Als einen „Denkanstoß“ für das „alte schöne“ Europa nannte Kräutler den Begriff „Basisgemeinde“ als Neuausrichtung der pastoralen Arbeit: „Nicht im Wolkenkuckucksheim, sondern mitten im Volk sein.“ Statt im Dom könne man auch mal in einem privaten Haushalt eine Messe halten.
„Die Menschen wollen, dass es besser wird“, lautete seine Botschaft. „Wir können sie nicht auf das Jenseits vertrösten. Wir müssen sie da abholen, wo sie sind und nicht ihnen sagen, was sie tun und lassen sollen, sondern fragen, wo sie sind und was ihre Sorgen und Nöte sind.“ Über Jesus sei Gott auch mitten unter den Menschen als „befreiender Gott“ gekommen.
Solche Gemeinschaften entstünden oft in kleinen Gemeinden, berichtete er von den Erfahrungen seiner Arbeit in Brasilien. Dort seien die Gemeinden aus dem Boden geschossen: „Von 800 Gemeinden werden zwei Drittel von Frauen geleitet.“ Was ein Gegenpart zu dem „machosmo“-Bild Lateinamerikas sei.
Vier Elemente
Als erstes der vier Kernelemente der „Basisgemeinde“ nannte Kräutler die „samaritische Dimension“. Im Kern meinte er das Zugehen auf alle Menschen. Das machte er plastisch, als er auf eine Zuhörerin zuging und ihr die Hand schüttelte.

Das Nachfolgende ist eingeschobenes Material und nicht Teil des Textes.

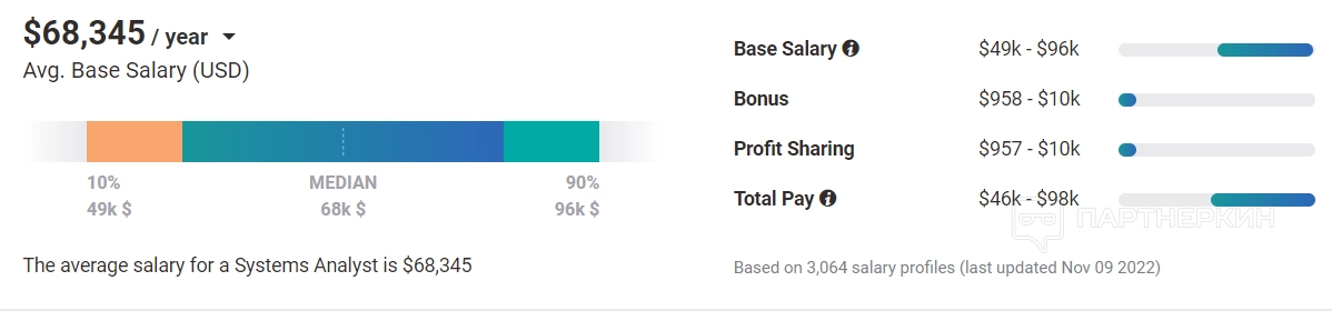 В среднем, специалист по системной аналитике может зарабатывать за рубежом от 68 тысяч USD в год, по данным сайта PayScale. Зарплата за рубежом значительно отличается от российской — давайте разберем, насколько, на примере показателей в вакансиях на Indeed.com:
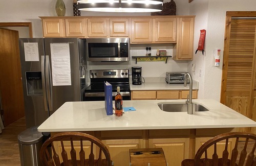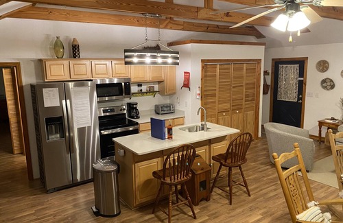 The casual atmosphere is ideal for family vacations or a romantic retreat. Sit on the covered porch and enjoy the beautiful sunsets or in front of the stone fireplace by a cozy wood burning fire. The great room with its high ceiling and many windows allows you to enjoy the outdoor views. The wrap around deck provides seating areas on all sides of the house where you can see a herd of deer that cross the property almost every morning and evening.
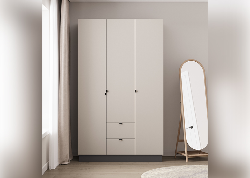 Компактный шкаф с тремя распашными дверцами — отличное решение для спальни, прихожей или детской. Простая, но продуманная конструкция обеспечивает удобный доступ к вещам. Благодаря нейтральному дизайну он гармонично дополнит любую обстановку, не требуя перестройки интерьера.

Das zweite sei die „prophetische Dimension“. Dies seien das Armmachen und der Raub der Identität der Indios durch den Kapitalismus: „Die größte Armut ist die, nicht sein zu dürfen.“
Als dritte nannte er die „familiäre Dimension“, wo „Kirche im kleinen Kreis lebt. Jedes weiß, wie das Nachbars­töchterchen heißt. Hier kennt man sich.“ Priester verlassen den Rahmen des Presbyteriums auch mal: „Ich gehe die Kathedrale immer durch bis zum Schluss, sonst fragen sich die Menschen, ob ich krank bin.“
Und als vierte nannte er die „Kontemplative Dimension“, die Mystik des Evangeliums, das Gebet: „Wir sind keine Gemeinde, wenn wir diesen persönlichen Moment nicht verteidigen.“
Nach dem Vortrag konnten die Gäste noch Fragen stellen. Zumeist wurden es Statements, wo sich die Gläubigen Luft verschafften. Die strukturelle Enteignung der Gemeinden durch Klerikalismus wurde ebenso angesprochen wie die Zusammenlegung der Gemeinden, das Desinteresse der Jugend an Glauben oder die mangelnde Wahrhaftigkeit in der Kirche. „Lassen Sie uns nicht entmutigen“, sagte der Bischof. Die Zeiten, da der Pfarrer von oben herab auf die Gemeinde herunterwetterte, seien vorbei. „Wir können uns nicht aufdrängen, aber überzeugen, im kleinen Kreis, nicht bei dem großen Event.“
Kirche müssen ansteckend werden, die Sinnkrise komme bei jedem Menschen irgendwann. Und es bleibe immer etwas hängen, selbst wenn Menschen nur zu Weihnachten in der Kirche auftauchen.
Möchte Kräutler bei den Strukturen in Deutschland denn hier Bischof sein? „Ich wäre hier nie Bischof geworden“, gab er einen kleinen Einblick, wie er bei aller Hofffnung die Situation der katholischen Kirche in Deutschland einschätzte.